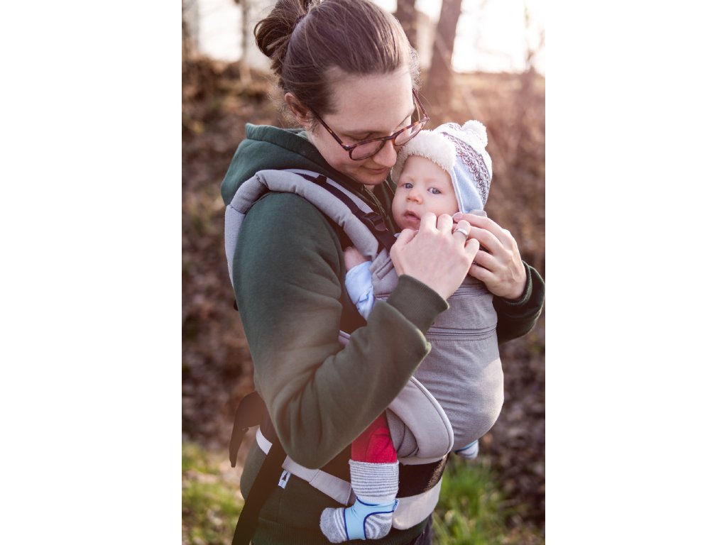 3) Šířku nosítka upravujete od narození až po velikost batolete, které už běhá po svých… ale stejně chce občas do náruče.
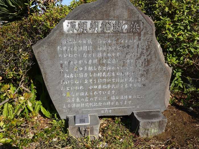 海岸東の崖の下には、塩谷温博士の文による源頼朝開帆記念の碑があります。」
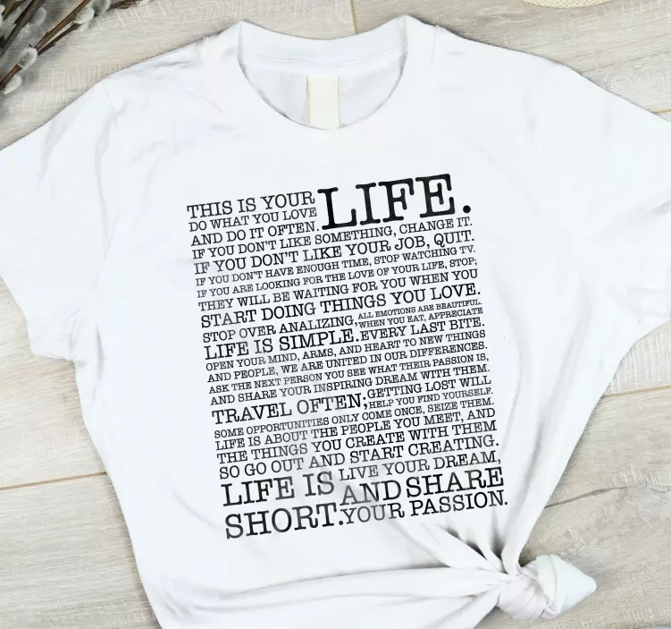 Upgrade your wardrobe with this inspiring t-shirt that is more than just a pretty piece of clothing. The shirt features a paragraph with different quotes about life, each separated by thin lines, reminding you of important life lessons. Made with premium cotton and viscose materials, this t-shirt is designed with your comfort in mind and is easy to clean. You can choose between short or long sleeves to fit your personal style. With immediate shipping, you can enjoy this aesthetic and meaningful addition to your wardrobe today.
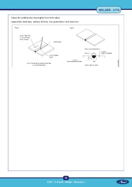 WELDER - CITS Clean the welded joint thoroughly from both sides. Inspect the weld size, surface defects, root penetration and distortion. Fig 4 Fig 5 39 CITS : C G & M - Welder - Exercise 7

----

▸ Work to be completed
A word-for-word reprint of the listing above is needed, minus the pictures.

▸ Result for this task
 3) Šířku nosítka upravujete od narození až po velikost batolete, které už běhá po svých… ale stejně chce občas do náruče.
 海岸東の崖の下には、塩谷温博士の文による源頼朝開帆記念の碑があります。」
 Upgrade your wardrobe with this inspiring t-shirt that is more than just a pretty piece of clothing. The shirt features a paragraph with different quotes about life, each separated by thin lines, reminding you of important life lessons. Made with premium cotton and viscose materials, this t-shirt is designed with your comfort in mind and is easy to clean. You can choose between short or long sleeves to fit your personal style. With immediate shipping, you can enjoy this aesthetic and meaningful addition to your wardrobe today.
 WELDER - CITS Clean the welded joint thoroughly from both sides. Inspect the weld size, surface defects, root penetration and distortion. Fig 4 Fig 5 39 CITS : C G & M - Welder - Exercise 7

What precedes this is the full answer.